A partir daí, o juiz revogou o reconhecimento de óbito e restabeleceu o mandado de prisão de Guerrero. Em manifestação, o promotor Marcos Fábio de Campos Pinheiro escreveu que a falsificação de certidão de óbito, associada à manipulação de cadáver, “revela método sofisticado de fraude processual e corrupção administrativa, cujo alcance ultrapassa o interesse individual do réu”.

A investigação foi encaminhada ao Gaeco (grupo que investiga o crime organizado), que instaurou procedimento próprio para apurar falsidade ideológica, corrupção passiva e vilipêndio de cadáver (crime de desrespeito a um corpo).

Morte em Sorocaba

Fernando Henrique Guerrero responde pelo homicídio de Therezinha Monticelli Calvim, de 67 anos, ocorrido em setembro de 2012, na Santa Casa de Sorocaba. Ele se apresentava como o médico Ariosvaldo Diniz Florentino, embora nunca tenha se formado nem registrado como profissional de saúde.

No processo, testemunhas afirmaram que Guerrero atendia pacientes e prescrevia medicamentos. Uma enfermeira disse, em depoimento, que “ele usava jaleco, carimbo e dizia ser o novo clínico geral do plantão. A gente só descobriu que ele não era médico depois que a paciente morreu.”

O caso correu por mais de dez anos até que, em 2025, a defesa apresentou a certidão de óbito falsificada tentando extinguir a punibilidade.

O que diz a prefeitura

Em nota ao Metrópoles, a Prefeitura de Guarulhos afirmou que instaurou uma sindicância interna para apurar a conduta de servidores. No processo, consta que os dois profissionais foram afastados preventivamente de suas funções.
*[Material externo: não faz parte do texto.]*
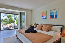 Villa Solis is a luxurious midcentury villa nestled in Les Terres Basses, offering breathtaking mountain views and convenient proximity to several beautiful beaches. Overall, Villa Solis offers a luxurious retreat with stunning views, modern amenities, and convenient access to nearby attractions, making it an ideal choice for travelers seeking an unforgettable vacation experience in Les Terres Basses. Here's a summary of its features: Accommodation: The villa boasts seven spacious bedrooms and eight bathrooms, ensuring ample space and comfort for guests. Bed linen and towels are provided for convenience. Amenities: Guests can enjoy various amenities including a private pool, a garden, barbecue facilities, and free WiFi. The property also offers free private parking for guests' convenience. Entertainment: The villa features a flat-screen TV with streaming services, allowing guests to unwind and enjoy their favorite shows. A terrace with stunning sea views provides a picturesque spot for relaxation. Comfort: Air conditioning is available throughout the villa, ensuring a comfortable stay even during warmer weather. Additionally, there's a seating area and a fully equipped kitchen for guests' convenience. A washing machine and eight bathrooms with walk-in showers add to the comfort. Recreational Activities: The villa offers yoga classes on-site for guests looking to unwind and rejuvenate. Additionally, guests can partake in activities such as snorkeling and hiking in the surrounding area. Nearby Attractions: Baie Rouge Beach is conveniently located approximately 1.1 km from the villa, while Baie Longue Beach is around 1.3 km away. Baie aux Prunes Beach is also within reach at a distance of 2.1 km. Accessibility: The nearest airport, Princess Juliana International Airport, is situated just 4 km from Villa Solis, providing easy access for travelers. Bedroom 1: King-size bed, A/C, closet, patio, safe, TV, WiFi and en-suite bathroom with shower, double vanity, and WC. 2 guests maximum. Adjacent to bedroom 2. Bedroom 2: King-size bed, A/C, closet, patio, safe, TV, WiFi and en-suite bathroom with shower, double vanity, and WC. Adjacent to bedroom 1. Bedroom 3: King-size bed, A/C, closet, patio, safe, TV, WiFi and en-suite bathroom with shower, double vanity, and WC. Adjacent to bedroom 4. Bedroom 4: King-size bed, A/C, closet, patio, safe, TV, WiFi and en-suite bathroom with shower, double vanity, and WC. Adjacent to bedroom 3. Bedroom 5: King-size bed, A/C, coffee maker, dresser, fridge, kettle, patio, safe, TV, WiFi and en-suite bathroom with shower, double vanity, and WC. Bedroom 6: King-size bed, A/C, coffee maker, couch, fridge, kettle patio, safe, TV, WiFi, walk-in closet and en-suite bathroom with shower, double vanity, and WC. Bedroom 7: King-size bed, A/C, closet, coffee maker, fridge, kettle, patio, safe, TV, WiFi, TV and en-suite bathroom with shower, double vanity, and WC.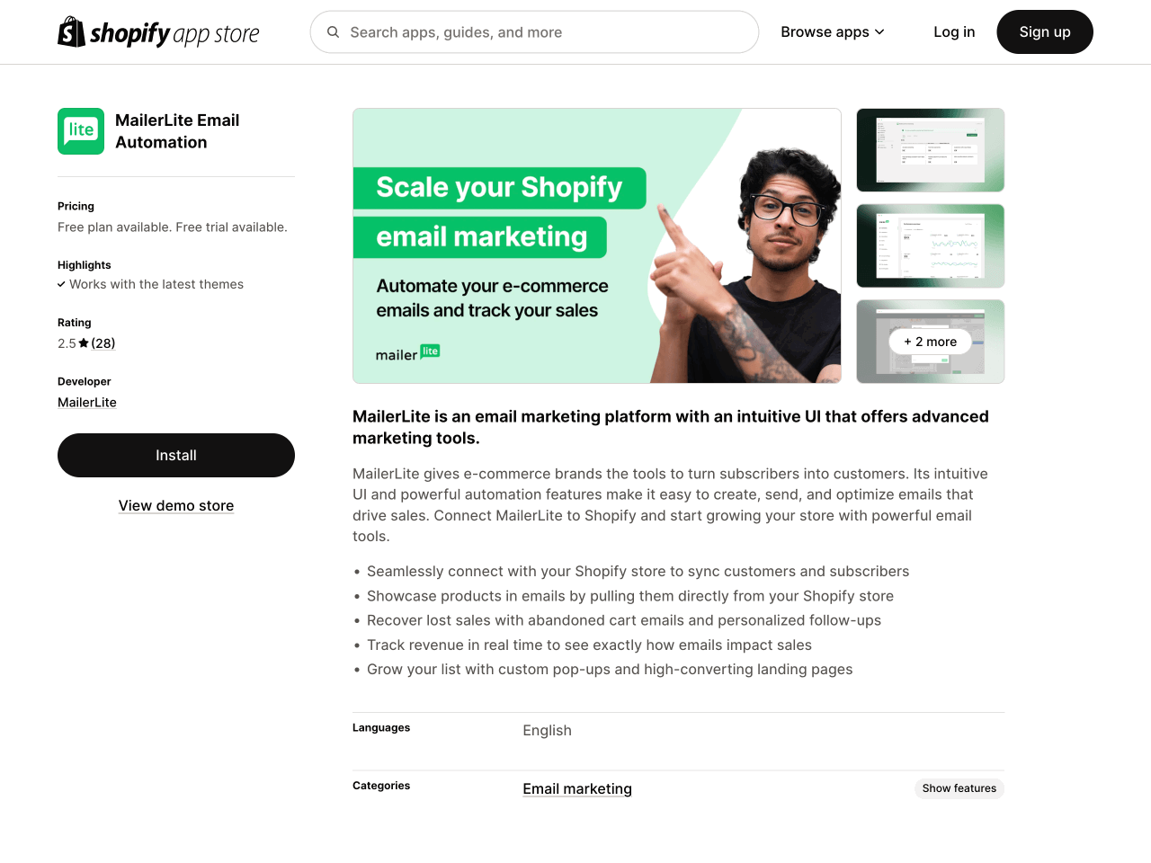 MailerLite is a Klaviyo alternative popular among small businesses for its clean, beginner-friendly interface. It’s easy to create professional emails without coding, and even on lower-tier plans, you get access to landing pages, product blocks synced with your Shopify store, and essential ecommerce automations like abandoned cart recovery.

A sindicância foi aberta em agosto de 2025 e corre paralelamente à investigação do Gaeco.

Como deveria ter sido

  • Identificação e guarda: Corpos sem identificação são recolhidos pelo IML (Instituto Médico Legal), onde são submetidos à necropsia e coleta de impressões digitais. O IML comunica o caso à prefeitura, que deve manter o corpo por até 15 dias aguardando reconhecimento familiar;
  • Autorização para sepultamento: Após o prazo, o corpo é encaminhado ao Serviço Funerário Municipal, mediante autorização formal com número de registro, local de destino e lacre do caixão. Os dados devem ser cruzados entre o IML, o serviço funerário e o cartório de registro civil;
  • Sepultamento público: O sepultamento ocorre em cemitério municipal, com registro nominal ou de “indigente masculino/feminino”, acompanhado de protocolo e mapa de quadra e jazigo.

Onde o sistema falhou

  • O corpo foi liberado sem protocolo formal, usando cadastro que foi posteriormente excluído.
  • O IML não recebeu aviso de destinação.
  • O cartório recebeu certidão com selo digital falso.
  • O enterro foi registrado em cemitério inexistente.
  • O resultado foi a criação de um óbito oficial sem corpo identificado e um enterro fictício com corpo verdadeiro — combinação que burlou todos os controles legais.

Um morto sem nome para um vivo com culpa

Para o Ministério Público, o caso simboliza “a degradação do controle público sobre a morte”. O promotor Pinheiro resumiu, em petição recente, que “enquanto o verdadeiro morto é apagado dos registros, o criminoso se faz morrer para apagar seus crimes. O Estado, nesse caso, foi cúmplice por omissão”.

Em 24 de junho de 2025, Guerrero se entregou à polícia no 1º Distrito Policial de Guarulhos. A Secretaria da Segurança Pública (SSP) confirmou na ocasião que ele compareceu à delegacia acompanhado de advogado, permanecendo à disposição da Justiça. Sua captura se deu após novo mandado de prisão decretado pelo Judiciário paulista, por força da descoberta da fraude da morte.

A investigação agora tenta descobrir quem foi o homem enterrado em seu lugar  e quem ajudou a sepultá-lo.